REQUIRED ACTION:
For this exercise, copy exactly the lines below from the one with "Printed set made" through the one with "Chef Preserve extenderá" and leave out the pictures.

PROVIDED RECORDS:
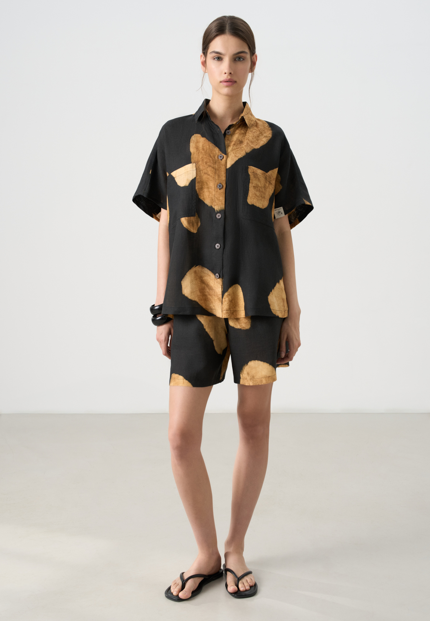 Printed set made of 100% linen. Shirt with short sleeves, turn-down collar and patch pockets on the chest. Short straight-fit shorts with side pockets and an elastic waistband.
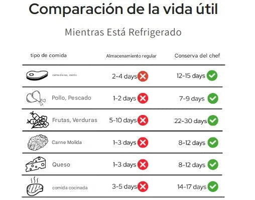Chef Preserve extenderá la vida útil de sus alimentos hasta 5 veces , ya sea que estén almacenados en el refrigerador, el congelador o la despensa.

...

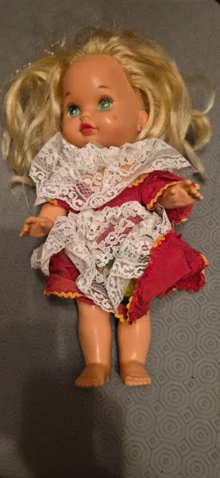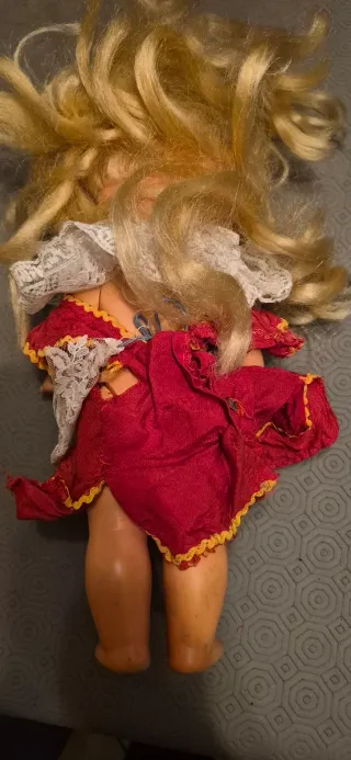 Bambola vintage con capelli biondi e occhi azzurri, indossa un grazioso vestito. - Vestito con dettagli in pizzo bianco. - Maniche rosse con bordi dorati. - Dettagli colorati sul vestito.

WRITTEN RESPONSE:
 Printed set made of 100% linen. Shirt with short sleeves, turn-down collar and patch pockets on the chest. Short straight-fit shorts with side pockets and an elastic waistband.
Chef Preserve extenderá la vida útil de sus alimentos hasta 5 veces , ya sea que estén almacenados en el refrigerador, el congelador o la despensa.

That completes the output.